Been revisiting my journal of 1998 again, in the course of preparing a couple of presentations on journal writing, and, if I may say so, am still pleased with it as a piece of work. I collected a lot of pieces, snippets, quotations, in the course of compiling it. Here are two more which I think still work today. First a Jewish academic on the tragedy of relations between the Children of Abraham/Ibrahim, the so-called People of the Book:
“The image I have is of three traumatized individuals walking through darkness and holding flickering candles to illumine their way; candles lit by their forebears to get them through the dark nights of the soul … three wandering pilgrims yearning to get back home, afraid that out of the darkness some old or new enemy will attack them, afraid of perpetual victimization, afraid to trust each other, afraid to trust others who might help them overcome their fear and dread. And then, suddenly, the three of them converge, and their candles illumine each others faces, and each experiences the shock of mutual recognition; in the human faces is the reflection of something mysteriously Divine, so that all three can echo the exclamation of the wounded Jacob, renamed Israel: “I see the face of God in your face”.
(Yehetzkel Landau)
And this:
“Late, and it’s starting to rain. It’s time to go home.

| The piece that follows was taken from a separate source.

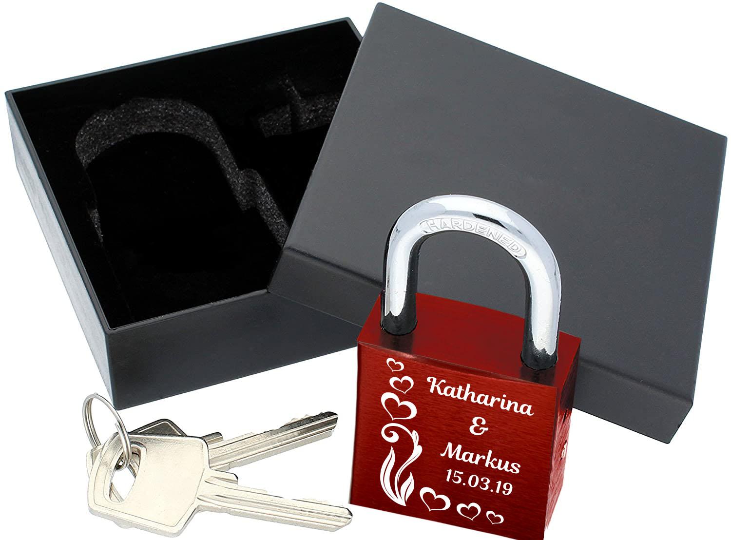 Produktinformationen "POD Liebesschloss mit Deinem Namen, Datum und Verzierung mit Herzen! Farbe: Rot Motiv: M017"

We’ve wandered long enough in empty buildings.
I know it’s tempting to stay and meet these new people.
I know it’s even more\sensible
To spend the night here with them,
But I want to go home.
We’ve seen enough beautiful places with signs on them
Saying “This is God’s House”.
That’ seeing grain like ants do,
Without the work of harvesting.
Let’s leave the grazing to the cows, and go
Where we will know what everyone really intends,
Where we can walk around with no clothes on.”